HMA v Allan Ferguson
Mr Ferguson, who claimed that evidence of the complainer’s distress in a rape case was too remote to corroborate her account of lack of consent, has had an appeal against his conviction rejected. The appellant claimed that this was due to the fact that the distress of the complainer was not shown until two days after the alleged rape, with no distress before this to corroborate. However the appeal court ruled that this would still provide corroboration.

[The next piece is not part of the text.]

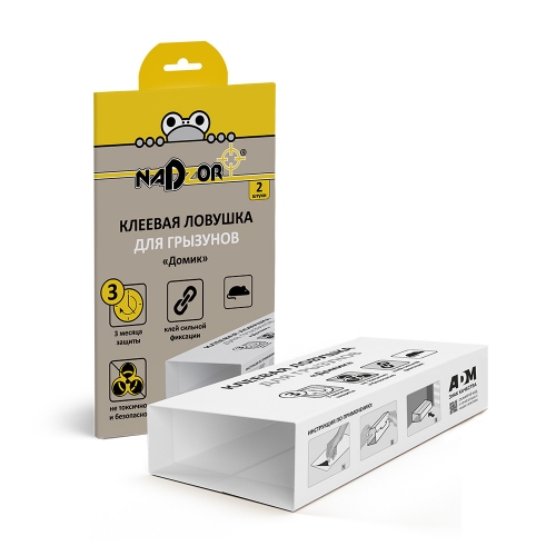 Главная / Инсектициды / Средства от мышей, крыс / !!!NADZOR Клеевая ловушка для грызунов Домик 2шт /50/ NASDFR1

The appellant was convicted in Glasgow’s High Court in March 2018 of raping a 22 year old woman. The complainer’s evidence in the case at trial was that she was raped in the early hours on a Saturday evening in November 2016 and she thereafter fell asleep and then left the appellants house at 7am and did not show distress to the taxi driver at this time, nor her parents or her boyfriend later in that day as she was in shock but went to her bedroom and cried but wanted to act normal. The distress was shown to a friend on the telephone on the Monday morning where she was described as hysterical while at work.
After the crowns evidence was led the appellant’s legal team entered a no case to answer submission. However, this was not accepted by the trial judge as although he accepted the distress was 30 hours after the incident, he believed that the taxi driver’s evidence that she was withdrawn and would not answer him was important.
However the appeal was lodged on the basis that there was no corroboration as the distress was not shown in the intervening period to anyone before the phone call and in fact the complainer had engaged in normal activity such as having sex with her boyfriend during this timeframe.
However the appeal was refused on this basis and the appeal judges did not agree with this argument. Lord Justice General said: “If a jury accepted the evidence of distress and that it was the rape which had caused it, that evidence of the complainer’s physical state, independently observed, corroborates the complainer’s account of lack of consent. The link is pre-eminently a question of fact for a jury to resolve.” He continued that this was a question for the jury to accept which clearly the complainer’s evidence was accepted by them.